# Solution space of nth order linear ODE, n dimension Vector Space

1. Jun 23, 2015

### popopopd

if we do picard's iteration of nth order linear ODE in the vector form, we can show that nth order linear ODE's solution exists.

(5)
(17)

example)

(21)

(22)

(http://ghebook.blogspot.ca/2011/10/differential-equation.html)

I found that without n number of initial conditions, the solution will not be unique because we assume initial conditions are some arbitrary constants. (example 22)

If we do picard's iteration without any initial conditions,

y(n-1)=y0(n-1)+∫y(n)dx
y(n-2)=y0(n-2)+∫y(n-1)dx
=y(n-2)=y0(n-2)+∫y0(n-1)+∫y(n)dx
.
.
.
iteration goes on and on until the error is sufficiently decreased.

if we assume each initial conditions are some arbitrary constants, we can sort out the solution function y w.r.t constants after sufficient number of iteration is done. Then it will look like,

y (c0 c1 c2 - - - - - - )[y1 y2 y3 y4 y5 - - - - - - ] <-- (should be vertical)

which is in the form of y = c1y1+c2y2+c3y3 . . .
Since function space is vector space, solutions span n dimensional vector space.

is this correct?
If not, how can we show that solution space has n number of basis?
Also, how are we sure that general solutions are 'always' linearly independent?

---------------------------------------------------------------------------------------------------------------------------

Also, I have two questions about Strum Liouville 2nd order ODE.
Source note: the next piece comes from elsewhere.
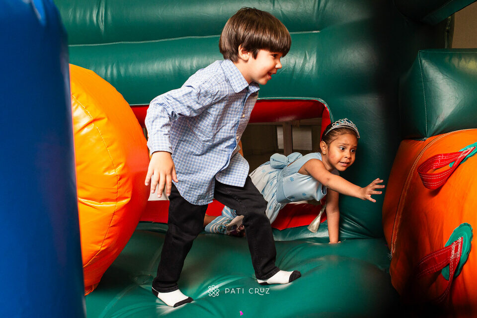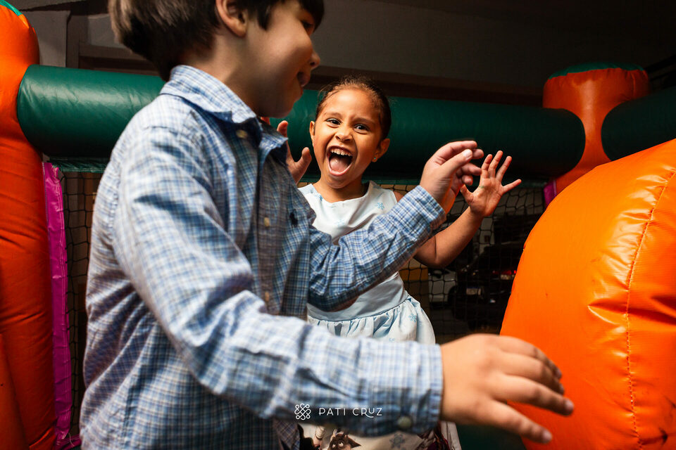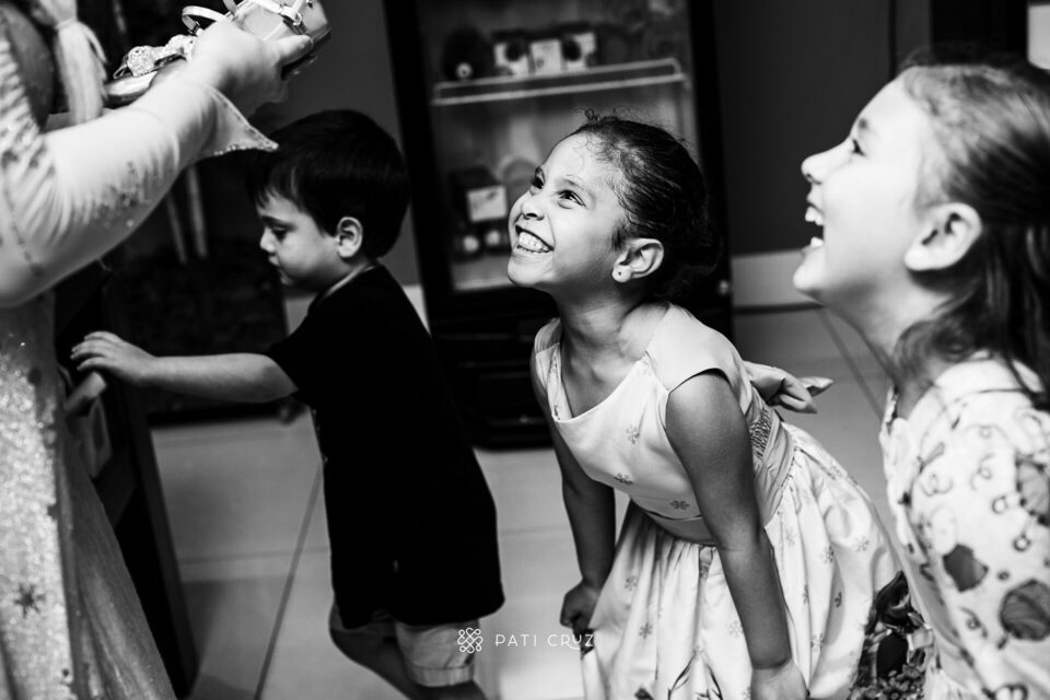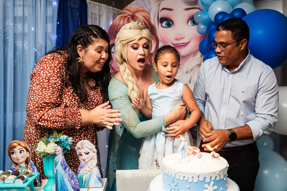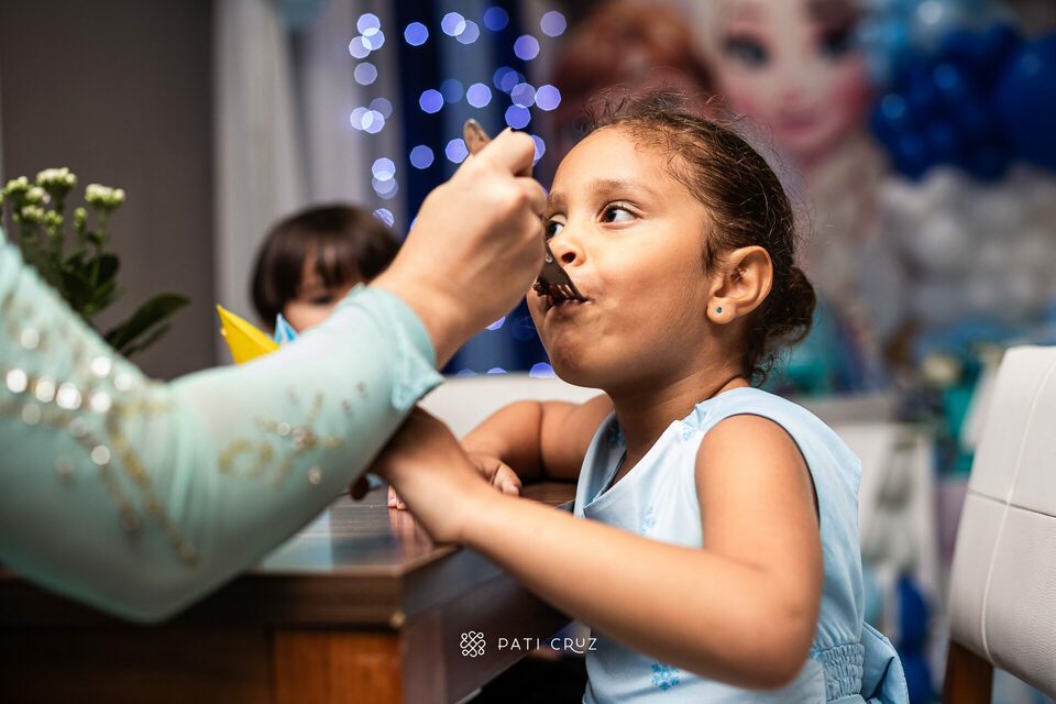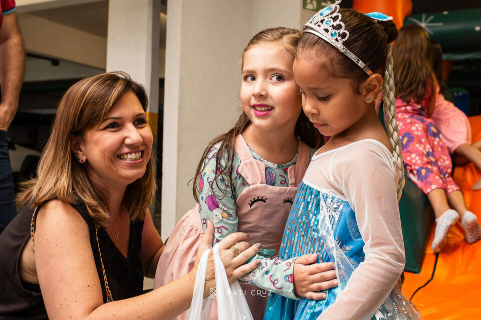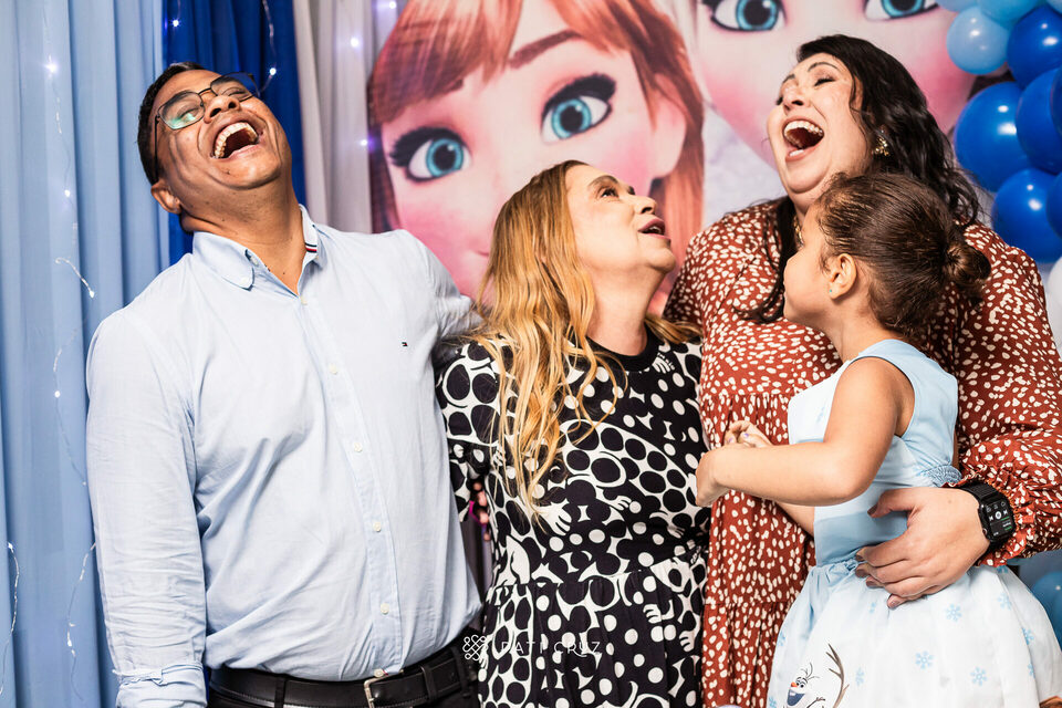 Os 4 anos da Ana Julia foram comemorados no salão do condomínio, com a temática clássica: Frozen. Já conheço a Ana Júlia há um tempo (inclusive aqui estão os registros da festa de 2 anos dela) e sei que ela é o tipo de menina mais tímida e centrada, mas que em pequenas coisas demonstra o que está sentindo e às vezes abre um sorrisão inesperado. No começo da festa ela estava bastante quietinha, mas aos poucos, conforme os amigos foram chegando, ela foi se soltando e aproveitou muito a cama elástica e o brinquedo inflável. Após algumas pipocas e uns goles de suco, chegou o momento da grande surpresa! A inesperada chegada da rainha Elsa deixou a pequena Ana Júlia anestesiada, não acreditando que estar vendo-a ao vivo em sua frente. A presença da personagem foi o ápice da festa e a Ana Julia não desgrudou dela por nem um segundo, aproveitando cada instante com a presença da princesa.

1. if we look at the Strum-Liouville 2nd order ODEs, there is an eigenvalue term within the equation. it seems like we are introducing one more constant to the equation, which imposes a restriction to find a solution (n+1 constants with n initial conditions).

[m(x)y']'+[λr(x)-q(x)]y
=m(x)[y''+P(x)y'+Q(x)y]
=m(x)[y''+P(x)y'+(λr(x)-q(x))]
=0

∴ [y''+P(x)y'+(λr(x)-q(x))]=0

if we do Picard's iteration, then we have one more constant λ along with n constants..
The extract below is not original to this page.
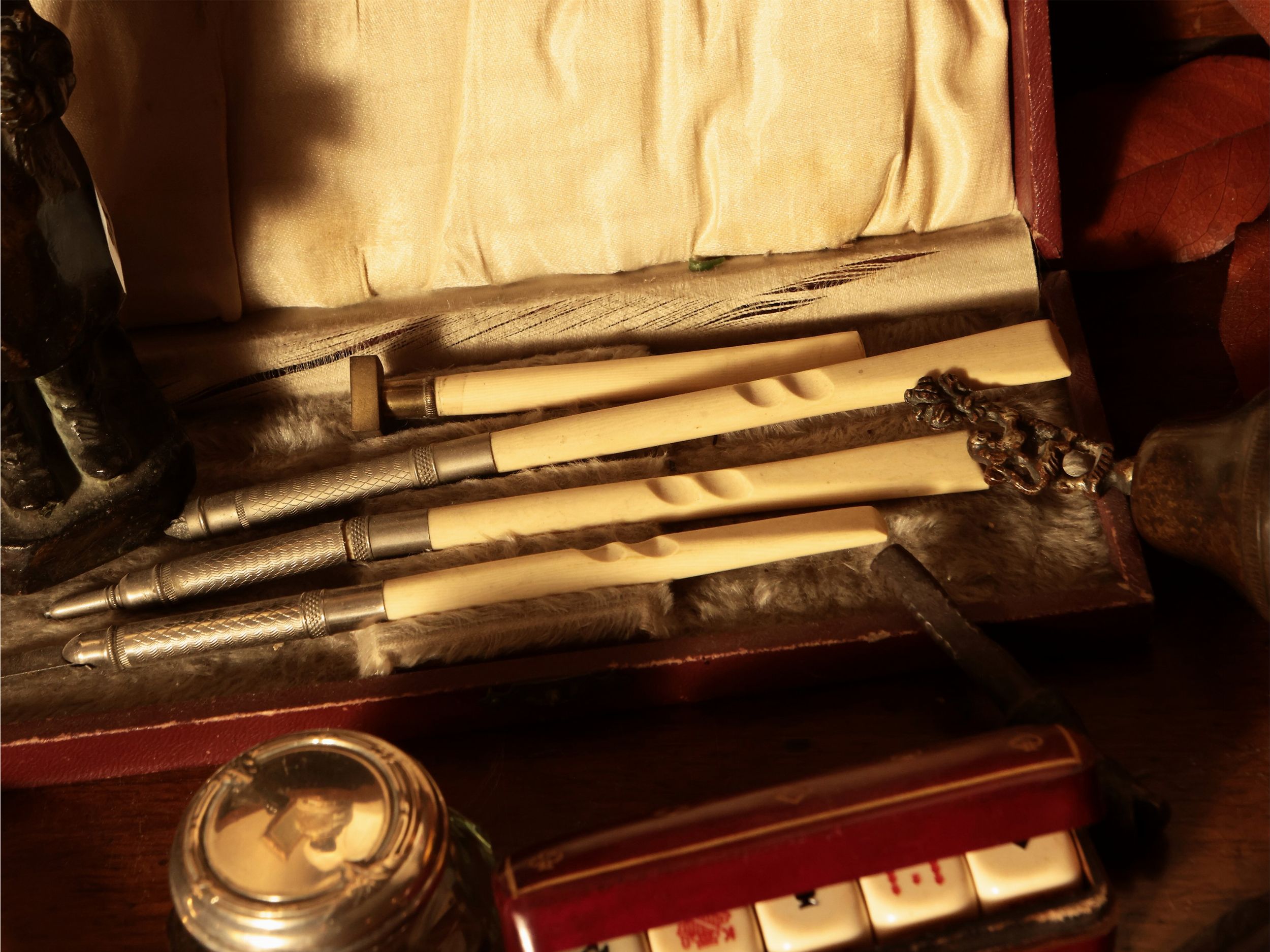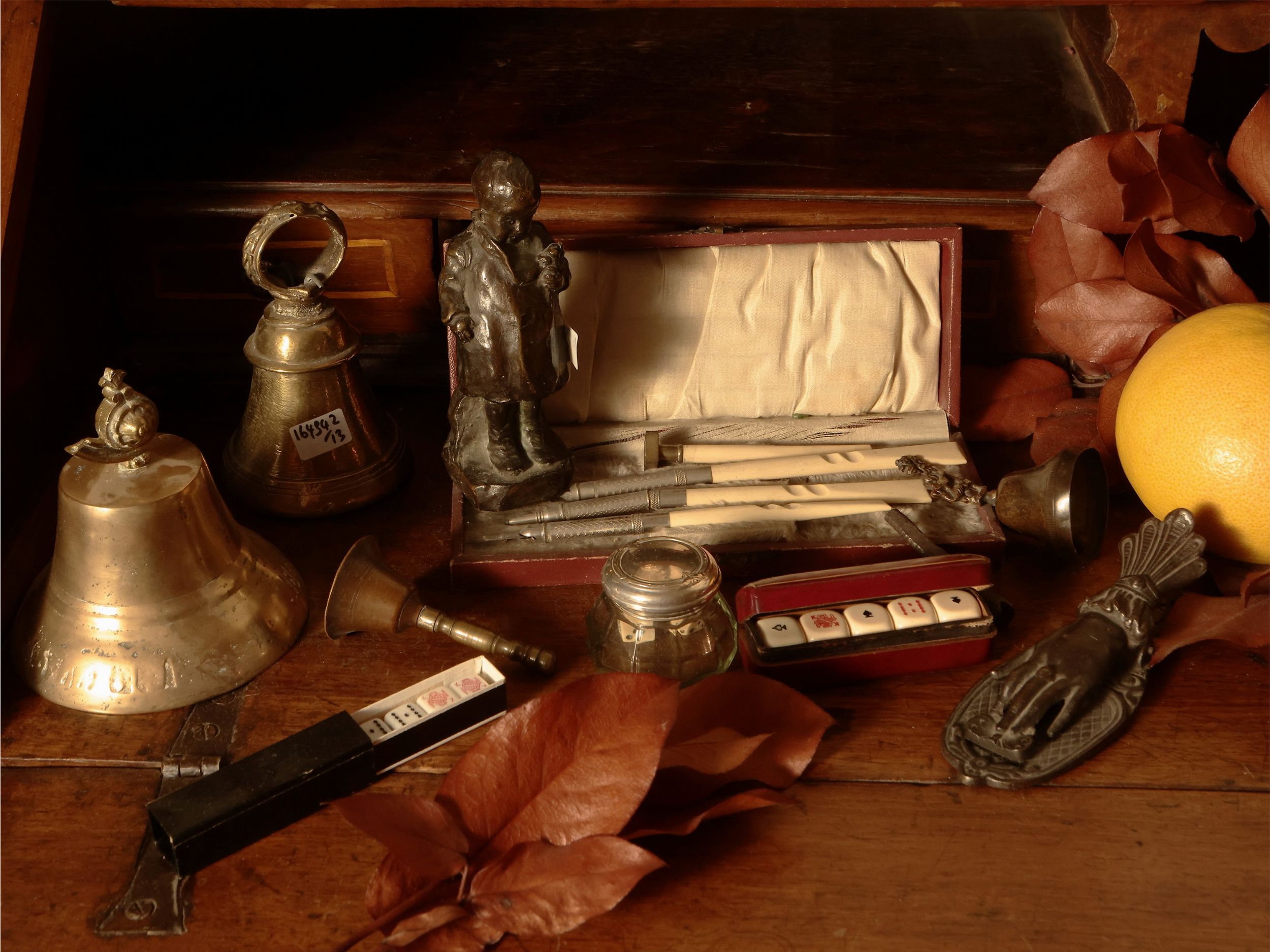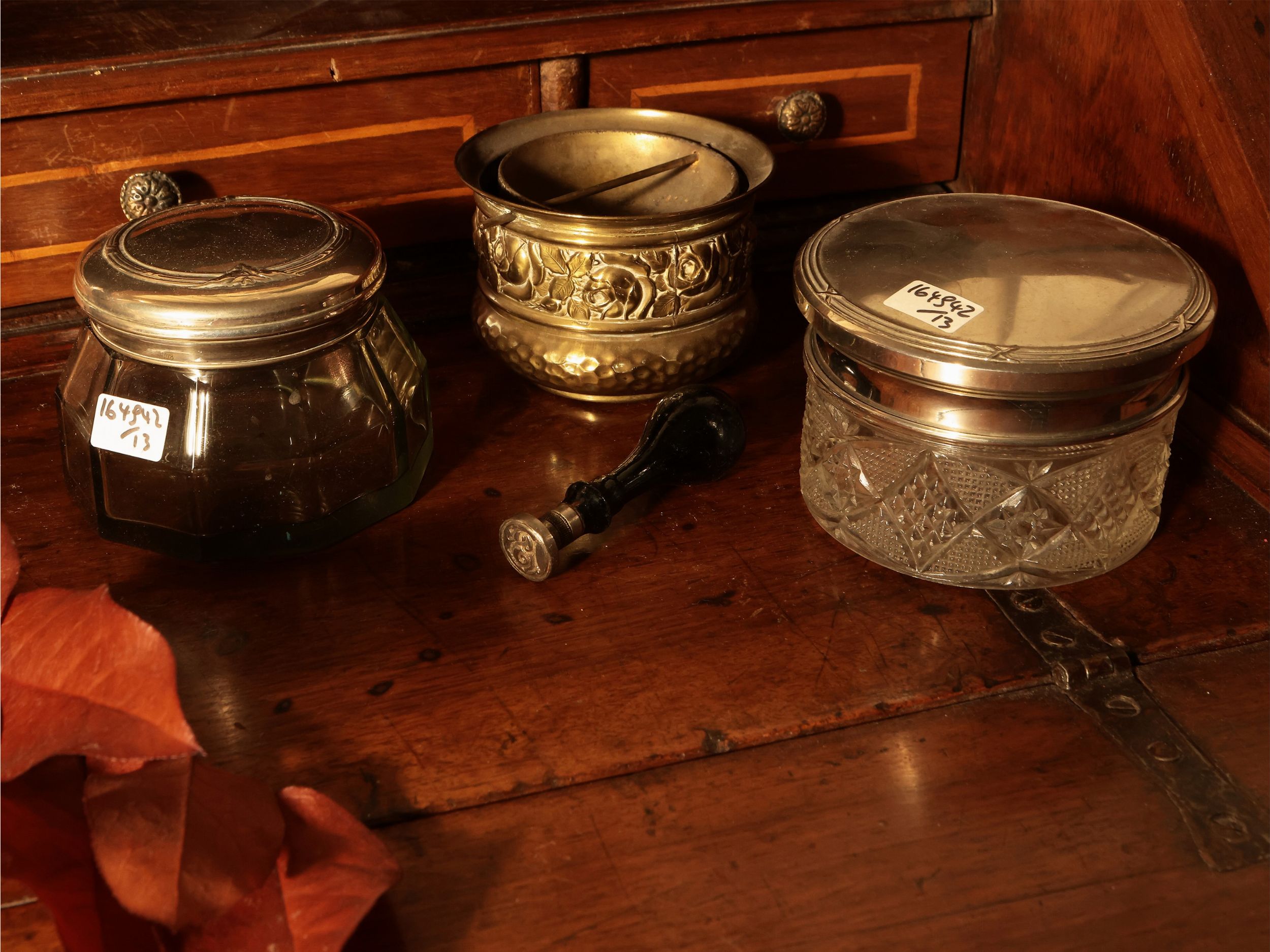 inizio del XX secolo tra cui una piccola scultura in bronzo raffigurante un bambino, due scatole in vetro con coperchio in argento ed alcune campane e campanelli

2. I don't understand how eigenvalue directly influence the solutions of 2nd order ODE

Last edited: Jun 23, 2015
2. Jun 28, 2015

### Lebesgue

I do not fully understand the procedure of Picard's iteration, but the way I have proved in class that the solution space of the linear homogenous differential equation of nth order is a vector space of dimension n is the following:

First, we have that the ODE of order n is equivalent to an ODS (ordinary differential system) of order 1, which can be represented as y' = A·y since it is linear. (Where y is a vector function from ℝ to ℝn and A is an n by n matrix function defined on a subset of ℝ.)
Second, by Picard's existance and uniqueness theorem we have that choosen any t0 from ℝ and chosen n basis vectors from ℝn there exists a unique solution fi of the problem y' = A·y and y(t0) = ei (the i-th basis vector).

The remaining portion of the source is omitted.